It looks like they store the extended attributes in the __MACOSX tree too. And everything you download from the web has extended attributes describing the original URL and page that linked to it. (With chrome/safari, I haven't checked firefox.)
It looks like the finder "compress" functionality will include __MACOSX, and the command line zip doesn't.
If you run `xattr -l` on something in your Downloads, you should see the kMDItemWhereFroms metadata. mdls shows it too, but also includes other data that is extracted from the file itself.
> Zip files can encode their file names in two ways: CP437, or unicode.
> Each operating system does it wrong, but in a different way. For instance, Mac OS encodes its zip files as unicode, but doesn't set bit 11 correctly, so Python (correctly) reads them as CP437, and garbles the non-ASCII characters in file names.
> I wrote a quick and dirty workaround for Mac OS archives: if the file doesn't exist, encode the name as CP437 and check again. I'll think of something more clever if I ever switch to another OS.
This is my script to “clean up” a typical macOS zip file.
It assumes you’ve started by asking the Finder to “Compress” (which creates a zip file but one riddled with macOS-isms).
#!/bin/bash
zipfile=$1
if [ "x$zipfile" = "x" ] ; then
echo "$0: .zip file expected" >&2
exit 1
fi
zip -d "${zipfile}" "__MACOSX*"
zip -d "${zipfile}" ".DS_Store"
zip -d "${zipfile}" "*/.DS_Store"
unzip -l "${zipfile}" | sort -k 5
Hidden dot files were introduced as a bug and left to linger because they were kind of useful. It all started when someone tried to hide . and .. from the output of ls and messed up the if statement to only check if the first letter in the filename was a period instead of testing for the intended use cases. People then copied that behaviour around because it was a cool new trick, not because it was set up as a standard.

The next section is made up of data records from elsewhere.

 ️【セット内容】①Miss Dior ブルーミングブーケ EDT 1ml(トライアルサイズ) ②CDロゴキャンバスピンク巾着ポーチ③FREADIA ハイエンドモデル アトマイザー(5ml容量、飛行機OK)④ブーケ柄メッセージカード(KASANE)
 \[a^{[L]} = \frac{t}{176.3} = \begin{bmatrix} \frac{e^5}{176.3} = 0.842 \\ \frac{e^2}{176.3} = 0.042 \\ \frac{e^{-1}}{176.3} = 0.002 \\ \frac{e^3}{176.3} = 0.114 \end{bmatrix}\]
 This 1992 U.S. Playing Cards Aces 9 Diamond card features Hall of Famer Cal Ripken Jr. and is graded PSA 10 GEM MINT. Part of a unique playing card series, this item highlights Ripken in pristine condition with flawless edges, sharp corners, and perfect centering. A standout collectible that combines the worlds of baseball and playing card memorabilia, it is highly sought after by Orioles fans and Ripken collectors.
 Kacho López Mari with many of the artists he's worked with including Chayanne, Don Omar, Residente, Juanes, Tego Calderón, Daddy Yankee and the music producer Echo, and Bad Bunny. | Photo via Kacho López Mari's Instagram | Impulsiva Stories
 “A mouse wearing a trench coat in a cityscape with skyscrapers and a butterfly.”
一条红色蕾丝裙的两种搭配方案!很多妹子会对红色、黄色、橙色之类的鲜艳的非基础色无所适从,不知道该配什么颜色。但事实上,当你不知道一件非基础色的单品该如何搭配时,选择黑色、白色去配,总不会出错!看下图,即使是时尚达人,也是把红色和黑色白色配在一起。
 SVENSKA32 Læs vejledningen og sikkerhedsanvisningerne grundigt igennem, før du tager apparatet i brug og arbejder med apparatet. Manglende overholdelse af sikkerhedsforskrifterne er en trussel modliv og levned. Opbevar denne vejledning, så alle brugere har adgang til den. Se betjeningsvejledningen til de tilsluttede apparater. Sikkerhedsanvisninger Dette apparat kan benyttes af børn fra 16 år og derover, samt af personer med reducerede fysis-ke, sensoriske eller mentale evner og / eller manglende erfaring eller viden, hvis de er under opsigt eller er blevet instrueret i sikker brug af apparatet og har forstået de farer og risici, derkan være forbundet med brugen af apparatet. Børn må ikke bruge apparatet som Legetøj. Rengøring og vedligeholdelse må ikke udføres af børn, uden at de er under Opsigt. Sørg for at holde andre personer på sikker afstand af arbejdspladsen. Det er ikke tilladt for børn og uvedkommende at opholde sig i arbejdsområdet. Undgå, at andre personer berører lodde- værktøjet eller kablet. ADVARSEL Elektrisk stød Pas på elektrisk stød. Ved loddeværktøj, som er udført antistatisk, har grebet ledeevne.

The Windows method, leveraging file attributes, is actually much cleaner in my opinion. You can set the hidden attribute in ZIP files and most tools do for OS specific files and folders, but I don't want my ZIP tool to put files on my file system that I don't get to see first so I always turn them on.
Windows does the same thing with desktop.ini, but I rarely encounter those anymore. It used to be that every ZIP had a bunch of thumbs.db files but Microsoft seems to have cut that out.